Take nothing but the lines from the one with "Vtg Stanley French" through the one with "Die zweite Besuchsreihe" in the entries below, both ends kept, and return them exactly with pictures left out.

** Working data **
§

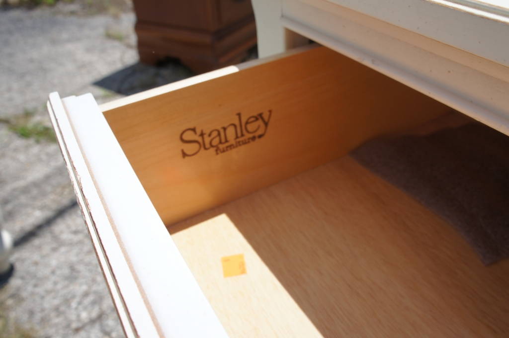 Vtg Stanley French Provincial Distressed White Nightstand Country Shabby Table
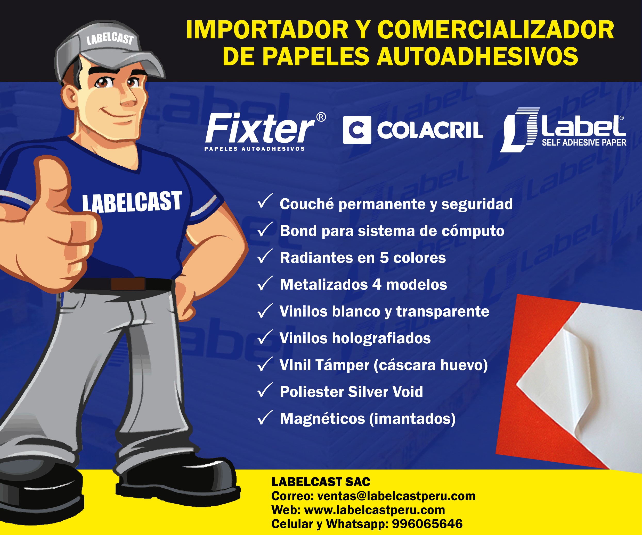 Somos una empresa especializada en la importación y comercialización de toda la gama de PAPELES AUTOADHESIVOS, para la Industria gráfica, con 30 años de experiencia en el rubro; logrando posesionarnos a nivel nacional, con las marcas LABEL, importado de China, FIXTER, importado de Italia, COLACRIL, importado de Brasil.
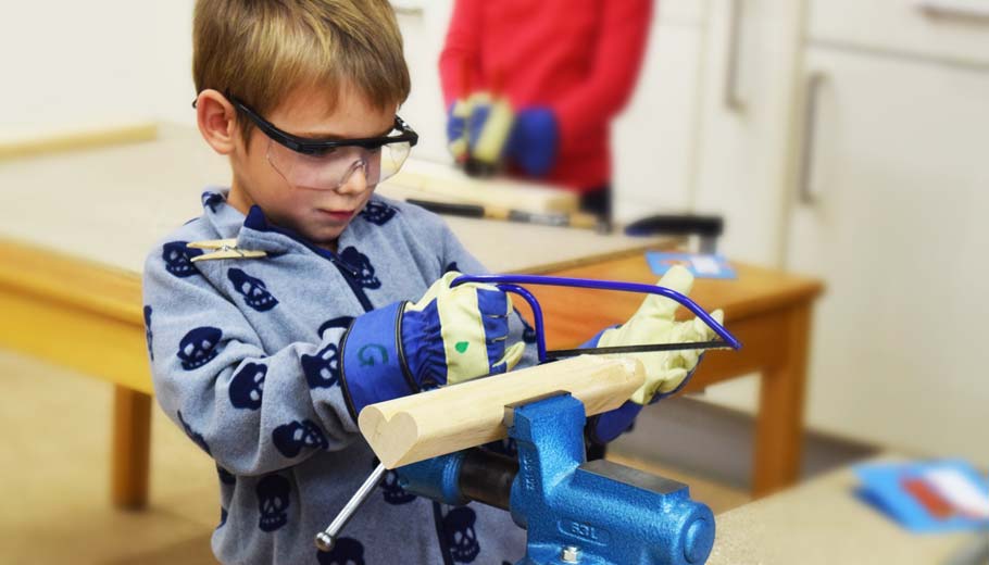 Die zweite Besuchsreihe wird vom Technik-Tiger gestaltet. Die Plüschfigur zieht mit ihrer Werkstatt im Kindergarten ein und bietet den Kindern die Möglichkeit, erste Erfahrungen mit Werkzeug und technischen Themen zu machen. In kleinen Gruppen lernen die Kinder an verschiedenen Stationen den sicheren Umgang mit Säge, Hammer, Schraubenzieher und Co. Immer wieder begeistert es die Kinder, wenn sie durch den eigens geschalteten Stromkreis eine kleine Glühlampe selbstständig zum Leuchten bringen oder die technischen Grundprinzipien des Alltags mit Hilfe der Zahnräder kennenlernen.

§

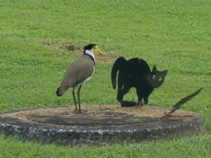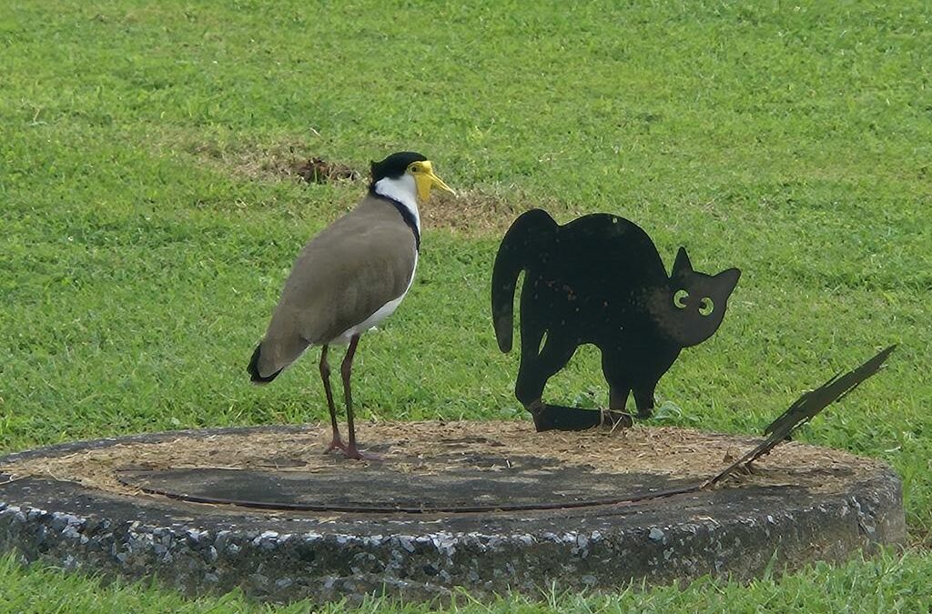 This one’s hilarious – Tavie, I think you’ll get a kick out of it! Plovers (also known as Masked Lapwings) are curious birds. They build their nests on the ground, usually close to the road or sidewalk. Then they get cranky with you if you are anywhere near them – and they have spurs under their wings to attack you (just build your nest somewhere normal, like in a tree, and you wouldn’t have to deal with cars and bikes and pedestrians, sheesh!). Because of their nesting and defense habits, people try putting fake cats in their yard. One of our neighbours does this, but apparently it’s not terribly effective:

§

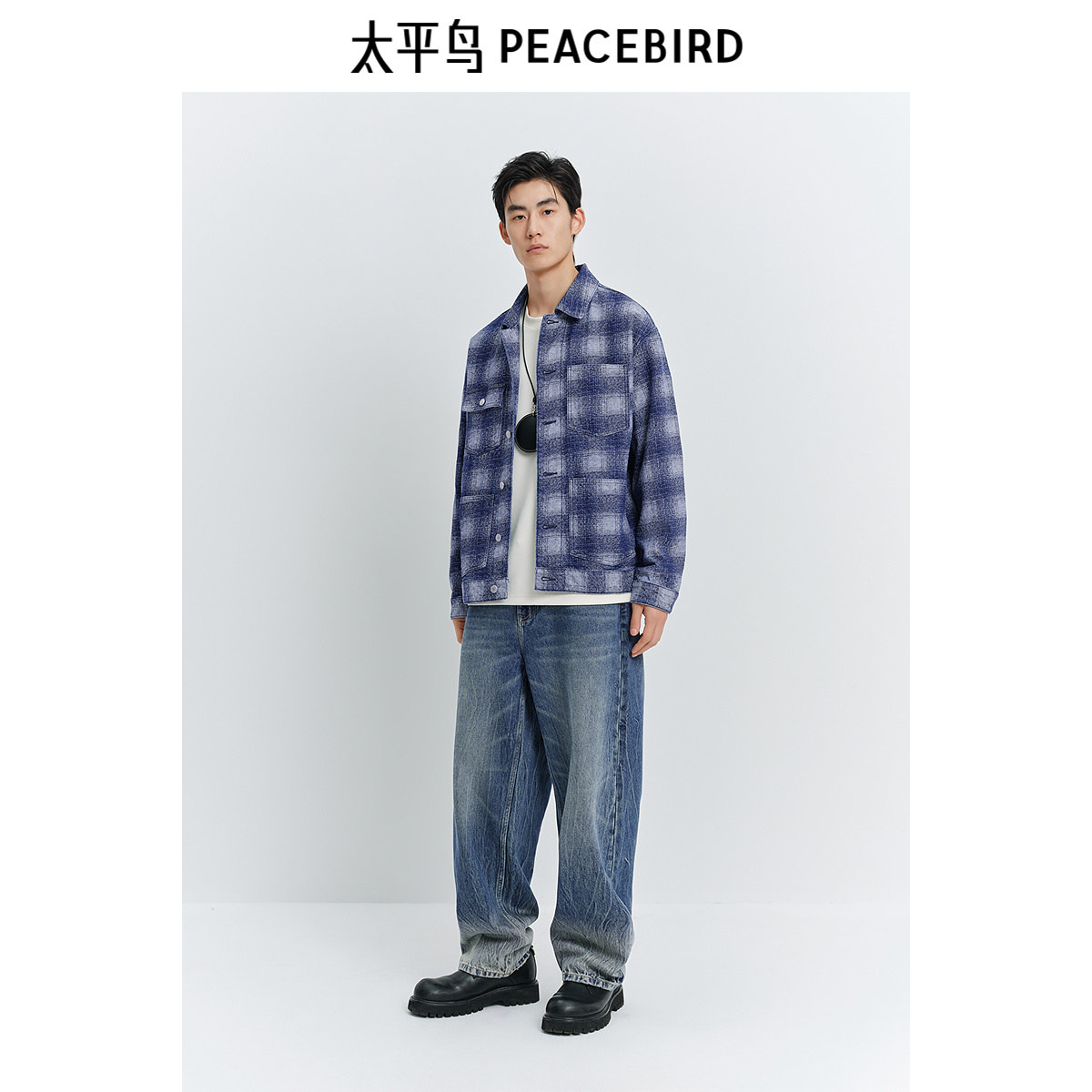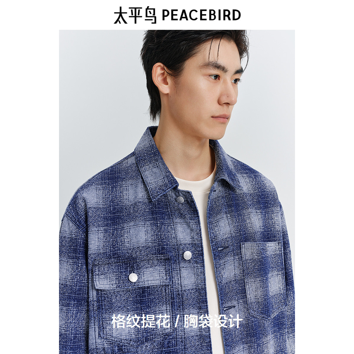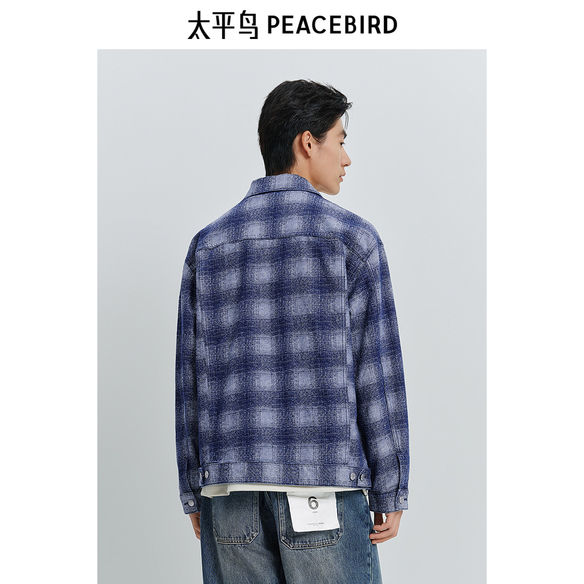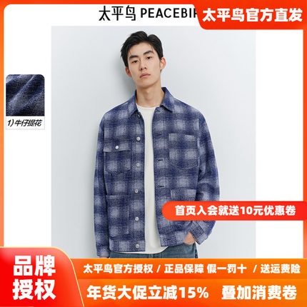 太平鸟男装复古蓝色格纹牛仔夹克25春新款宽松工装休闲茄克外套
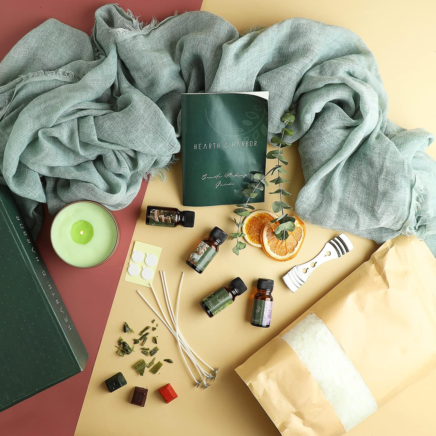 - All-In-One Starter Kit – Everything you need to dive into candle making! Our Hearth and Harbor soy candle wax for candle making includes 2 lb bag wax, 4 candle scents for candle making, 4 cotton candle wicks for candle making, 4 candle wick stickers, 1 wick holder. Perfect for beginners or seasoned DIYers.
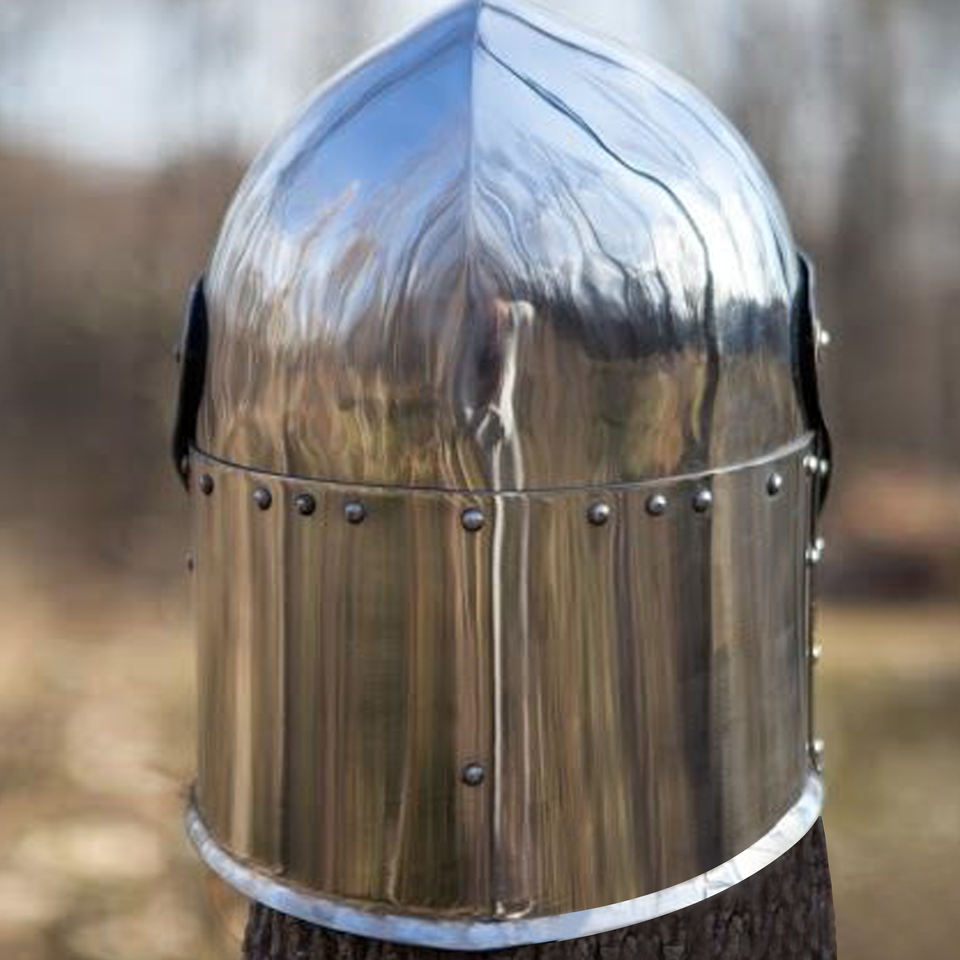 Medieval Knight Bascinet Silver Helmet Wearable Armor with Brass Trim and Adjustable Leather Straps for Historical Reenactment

§

** Output below **
 Vtg Stanley French Provincial Distressed White Nightstand Country Shabby Table
 Somos una empresa especializada en la importación y comercialización de toda la gama de PAPELES AUTOADHESIVOS, para la Industria gráfica, con 30 años de experiencia en el rubro; logrando posesionarnos a nivel nacional, con las marcas LABEL, importado de China, FIXTER, importado de Italia, COLACRIL, importado de Brasil.
 Die zweite Besuchsreihe wird vom Technik-Tiger gestaltet. Die Plüschfigur zieht mit ihrer Werkstatt im Kindergarten ein und bietet den Kindern die Möglichkeit, erste Erfahrungen mit Werkzeug und technischen Themen zu machen. In kleinen Gruppen lernen die Kinder an verschiedenen Stationen den sicheren Umgang mit Säge, Hammer, Schraubenzieher und Co. Immer wieder begeistert es die Kinder, wenn sie durch den eigens geschalteten Stromkreis eine kleine Glühlampe selbstständig zum Leuchten bringen oder die technischen Grundprinzipien des Alltags mit Hilfe der Zahnräder kennenlernen.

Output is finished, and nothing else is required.